- **Action item**
From the listing below, restate word for word the lines from the line containing "盧靖姍(盧靖姍經(jīng)" down through the line containing "A particular highlight". Exclude pictures.

- **Data supplied**
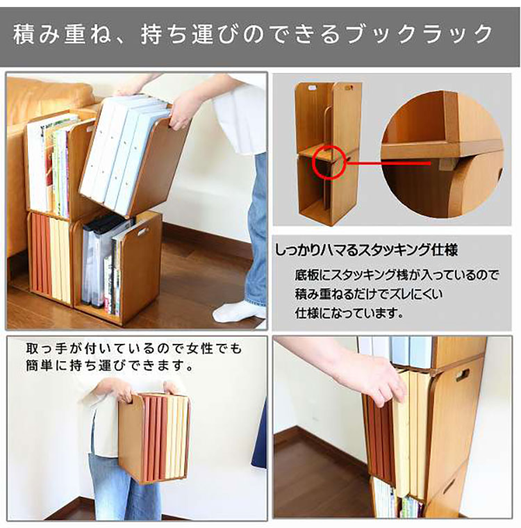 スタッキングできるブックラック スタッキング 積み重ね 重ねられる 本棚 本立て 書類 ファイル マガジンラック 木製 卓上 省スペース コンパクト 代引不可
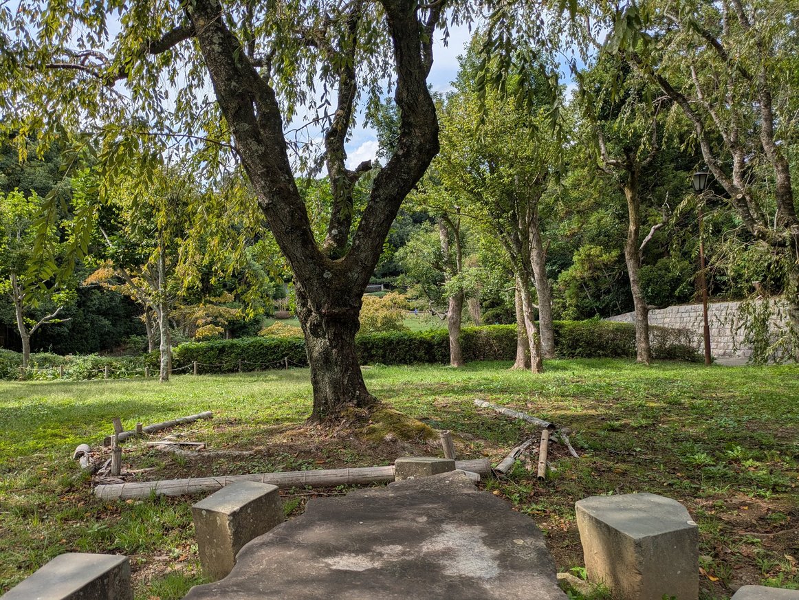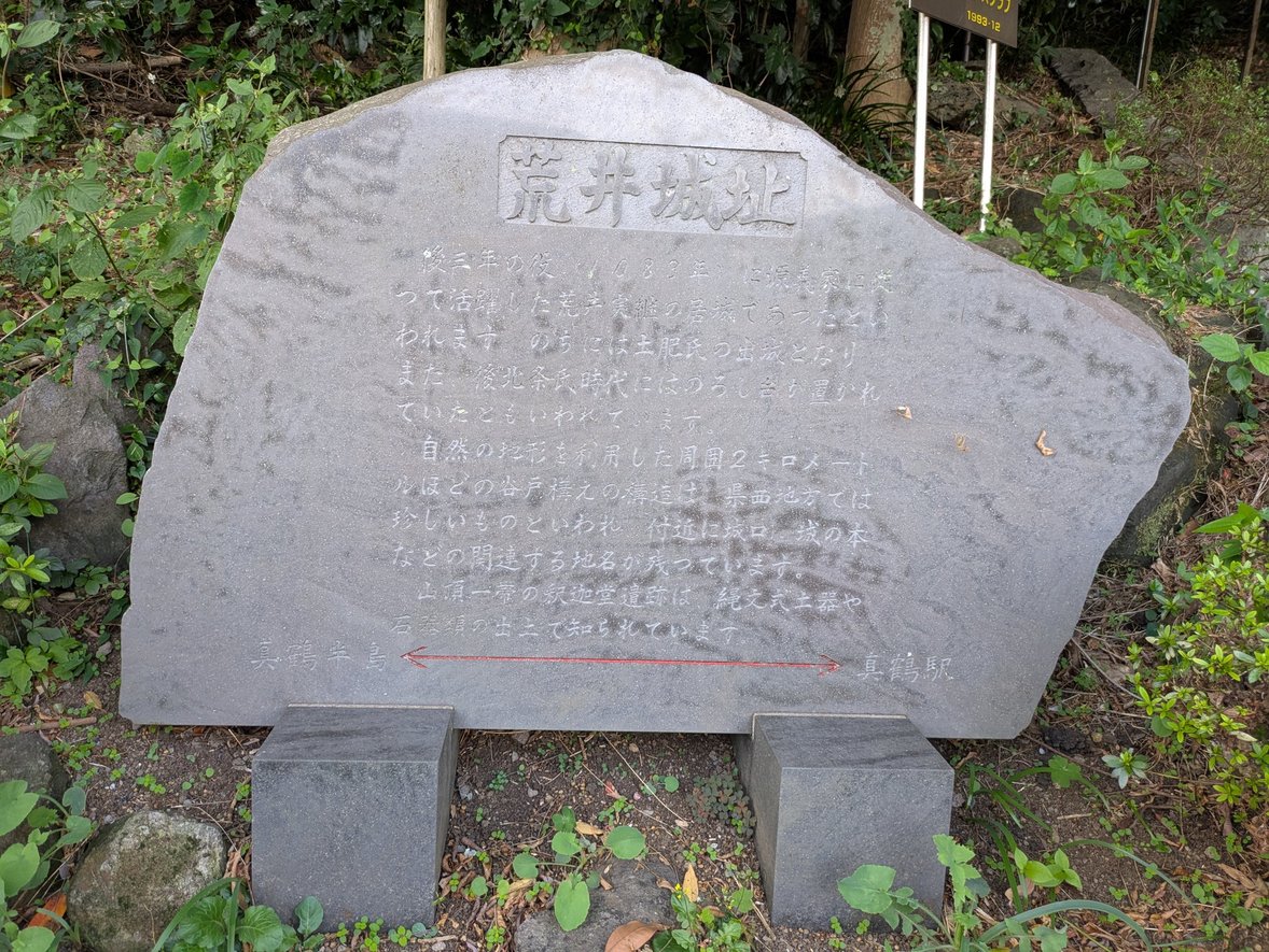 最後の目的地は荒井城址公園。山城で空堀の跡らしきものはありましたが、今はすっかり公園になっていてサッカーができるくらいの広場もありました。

---

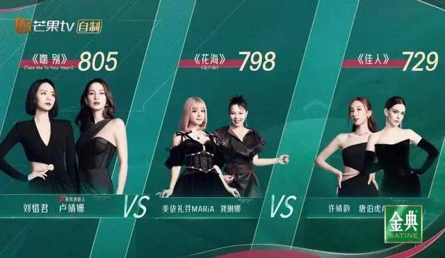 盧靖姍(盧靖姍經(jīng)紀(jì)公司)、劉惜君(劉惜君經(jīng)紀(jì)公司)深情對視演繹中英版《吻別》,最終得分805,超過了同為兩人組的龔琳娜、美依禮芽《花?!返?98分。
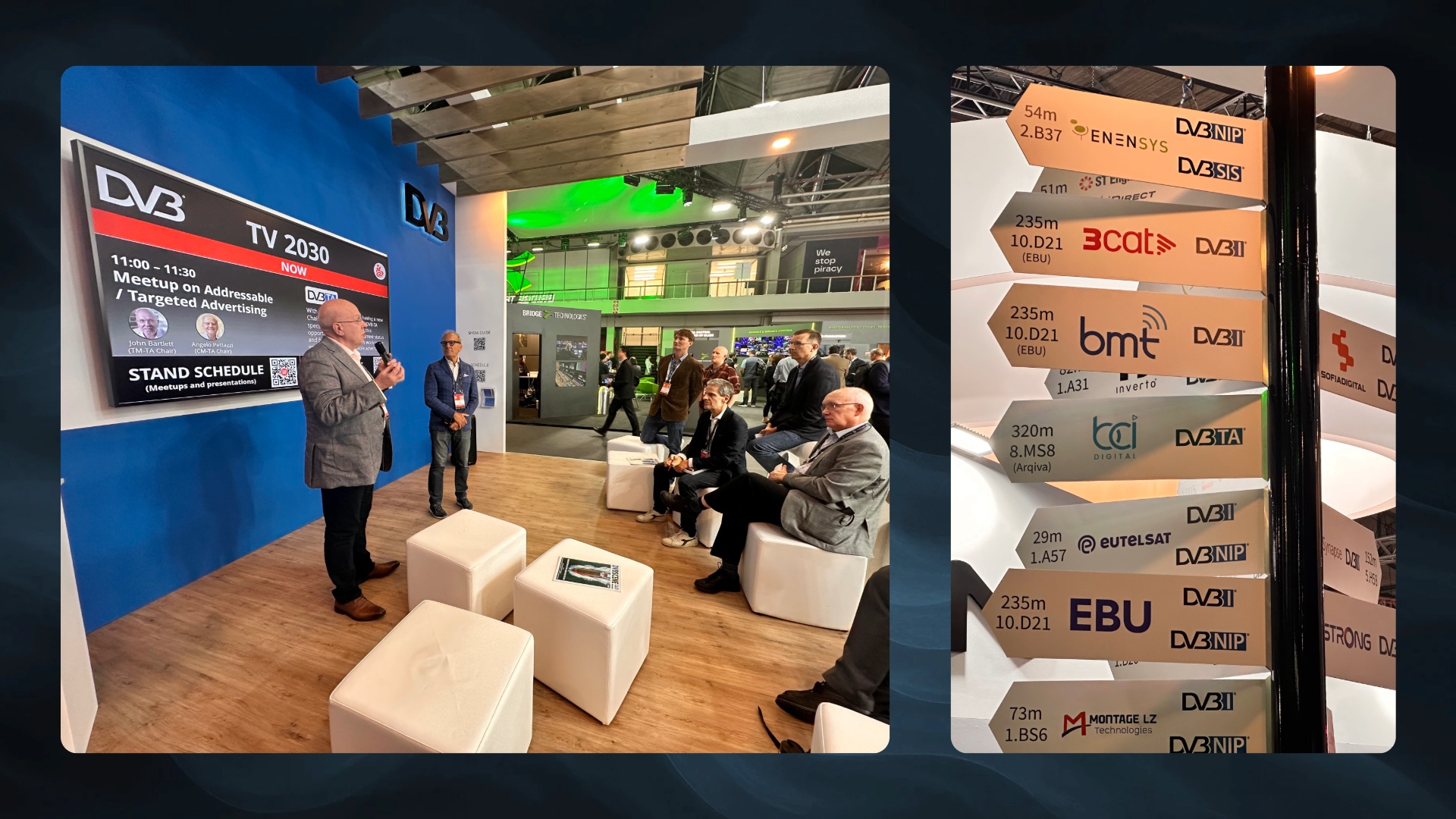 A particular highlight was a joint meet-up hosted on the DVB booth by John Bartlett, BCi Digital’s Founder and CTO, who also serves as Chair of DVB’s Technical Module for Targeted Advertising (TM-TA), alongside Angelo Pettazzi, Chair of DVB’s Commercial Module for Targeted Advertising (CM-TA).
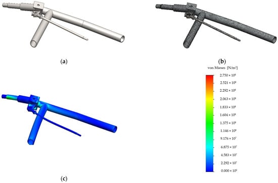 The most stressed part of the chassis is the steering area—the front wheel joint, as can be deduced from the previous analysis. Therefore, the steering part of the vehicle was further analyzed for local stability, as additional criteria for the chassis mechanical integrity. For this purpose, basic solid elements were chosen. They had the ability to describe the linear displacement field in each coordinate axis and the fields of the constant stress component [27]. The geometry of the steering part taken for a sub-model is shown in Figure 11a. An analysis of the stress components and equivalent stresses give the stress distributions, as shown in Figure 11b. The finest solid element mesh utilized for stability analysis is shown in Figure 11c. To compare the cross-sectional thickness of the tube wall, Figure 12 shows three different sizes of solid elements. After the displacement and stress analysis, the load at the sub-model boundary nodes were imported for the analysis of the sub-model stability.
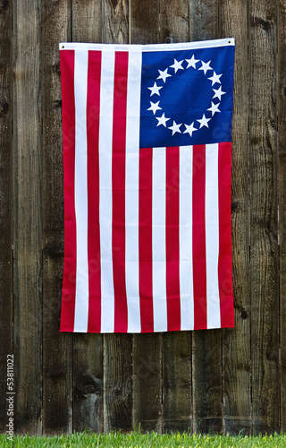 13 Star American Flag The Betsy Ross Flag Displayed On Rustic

- **Answer area**
 盧靖姍(盧靖姍經(jīng)紀(jì)公司)、劉惜君(劉惜君經(jīng)紀(jì)公司)深情對視演繹中英版《吻別》,最終得分805,超過了同為兩人組的龔琳娜、美依禮芽《花?!返?98分。
 A particular highlight was a joint meet-up hosted on the DVB booth by John Bartlett, BCi Digital’s Founder and CTO, who also serves as Chair of DVB’s Technical Module for Targeted Advertising (TM-TA), alongside Angelo Pettazzi, Chair of DVB’s Commercial Module for Targeted Advertising (CM-TA).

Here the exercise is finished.